◆ What the task asks
Would you print exactly the lines that begin the listing and continue through the line holding "It was my first"? No pictures, please.

◆ Supplied material

= = = = = = =

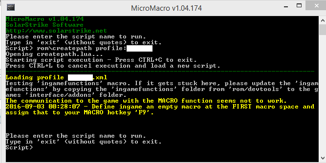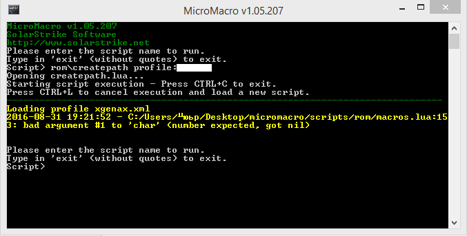 Right now, it looks like the bot to client interface isn't working the way it should, and so you get these error messages. I've given you all the updated files that I have, and it is still not functioning properly for you. If running "rom/update" in MicroMacro doesn't fix the problem, then I don't know if I can be of any more assistance.
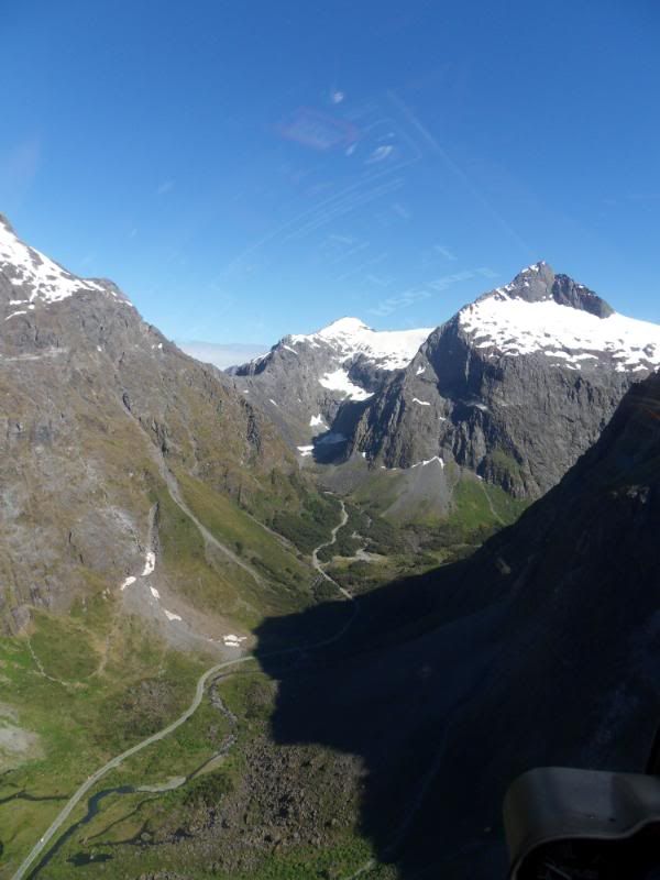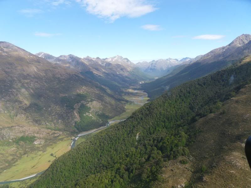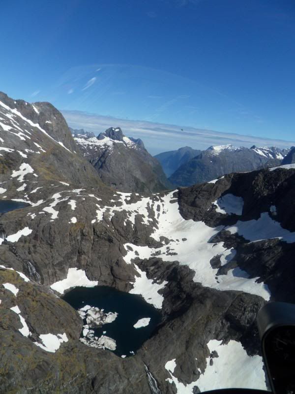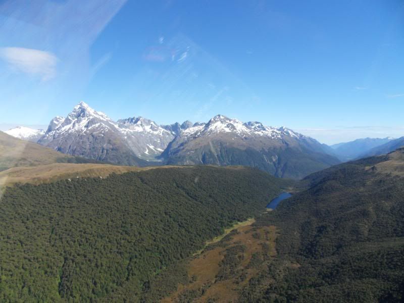 It was my first time flying in this part of the country. Got gas in Wanaka, didnt take any photos there unfortunatly. Had a VERY close encounter with CAG with a muppet pilot who didnt believe in making radio calls angry.gif I got a briefing from the good blokes at Wanaka Helicopters and then proceeded to head for Queenstown. Surprisingly easy place to fly into. Spent the night in Queenstown that night with a mate. Next morning we decided to head for Milford, just for something to do. The guys at Heliworks were good enough to give us a briefing and keep an eye on us while we were going in there.
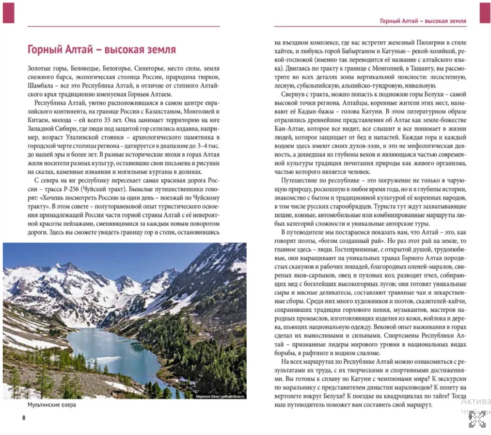 В серии путеводителей «Русский гид» (издательство «Полиглот») впервые вышло издание, полностью посвящённое Республике Алтай . Это событие, которого давно ждали и путешественники, и профессионалы туристической отрасли.

= = = = = = =

◆ Written response
 Right now, it looks like the bot to client interface isn't working the way it should, and so you get these error messages. I've given you all the updated files that I have, and it is still not functioning properly for you. If running "rom/update" in MicroMacro doesn't fix the problem, then I don't know if I can be of any more assistance.
 It was my first time flying in this part of the country. Got gas in Wanaka, didnt take any photos there unfortunatly. Had a VERY close encounter with CAG with a muppet pilot who didnt believe in making radio calls angry.gif I got a briefing from the good blokes at Wanaka Helicopters and then proceeded to head for Queenstown. Surprisingly easy place to fly into. Spent the night in Queenstown that night with a mate. Next morning we decided to head for Milford, just for something to do. The guys at Heliworks were good enough to give us a briefing and keep an eye on us while we were going in there.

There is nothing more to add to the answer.